Importantly, the study  draws attention to the poor state of genome annotation in non-human primates. In humans, the use of high-throughput sequencing technology in transcriptome studies has already revealed much greater variability of the gene transcript isoforms than previously appreciated [2, 3]. In non-human primates, such as chimpanzees and rhesus macaques, both the known genome sequence information and, particularly, the genome annotations are in a far worse state than those of humans. The study of Cavelier and colleagues  clearly illustrates that careful characterization of human and non-human primate transcriptomes can uncover large numbers of genetic and transcriptional changes specific to humans. Some of these changes will be responsible for the evolution of human-specific features, such as adaptation to a cooked, highly nutritious diet and unique social and cognitive abilities.
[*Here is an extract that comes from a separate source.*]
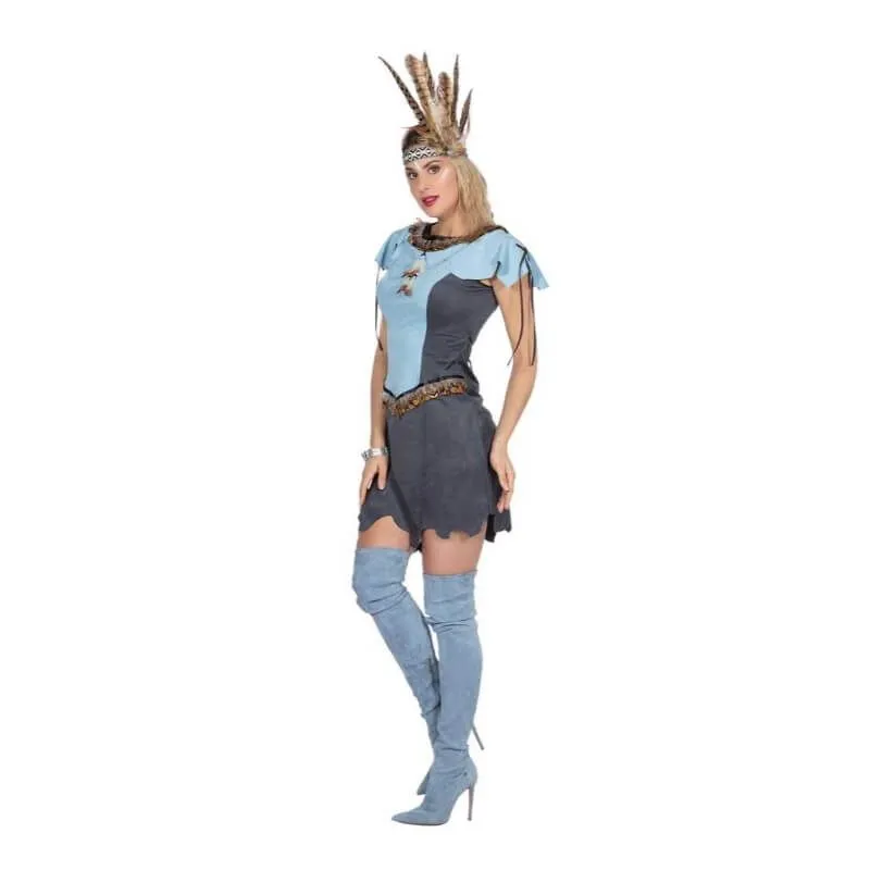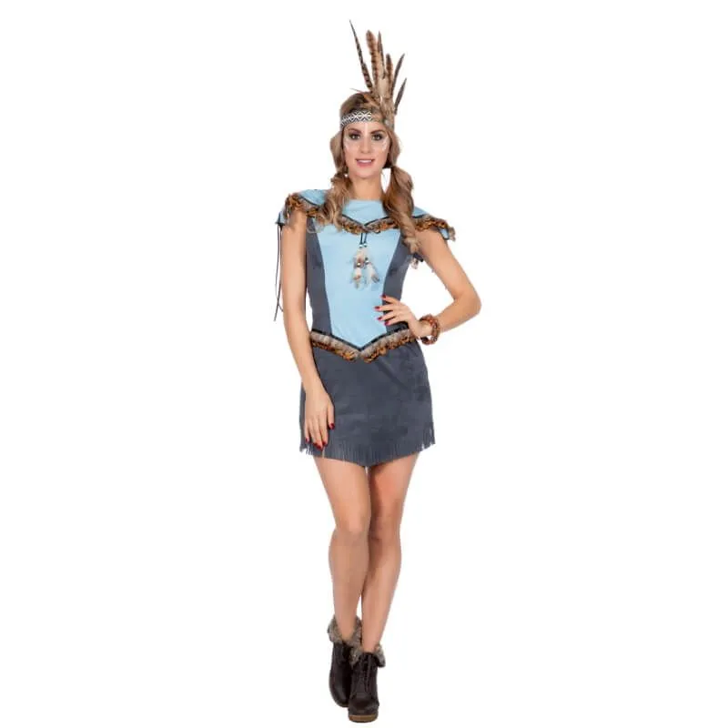 Ce splendide costume de qualité supérieure d’indienne vous transformera immédiatement en une véritable peau-rouge, une parfaite squaw ! Ce déguisement comprend une robe dans des teintes de gris et de bleu avec un liseré marron. On retrouve des plumes au niveau du col et de la taille ainsi qu’un collier cousu avec des perles et des plumes. Les extrémités des manches et de la robe sont à franges.

Finding genetic elements underlying these uniquely human features is important not only for our understanding of human evolution, but also for prevention of their dysfunctions that may result in metabolic and cognitive disorders.
The recent advances in high-throughput sequencing methodology provide us with powerful tools with which to characterize complete transcriptomes in multiple tissues and cell types across primate species, resulting in the comprehensive identification of the transcriptome features specific to humans. The work of Cavelier and colleagues  is the first brave step in this direction.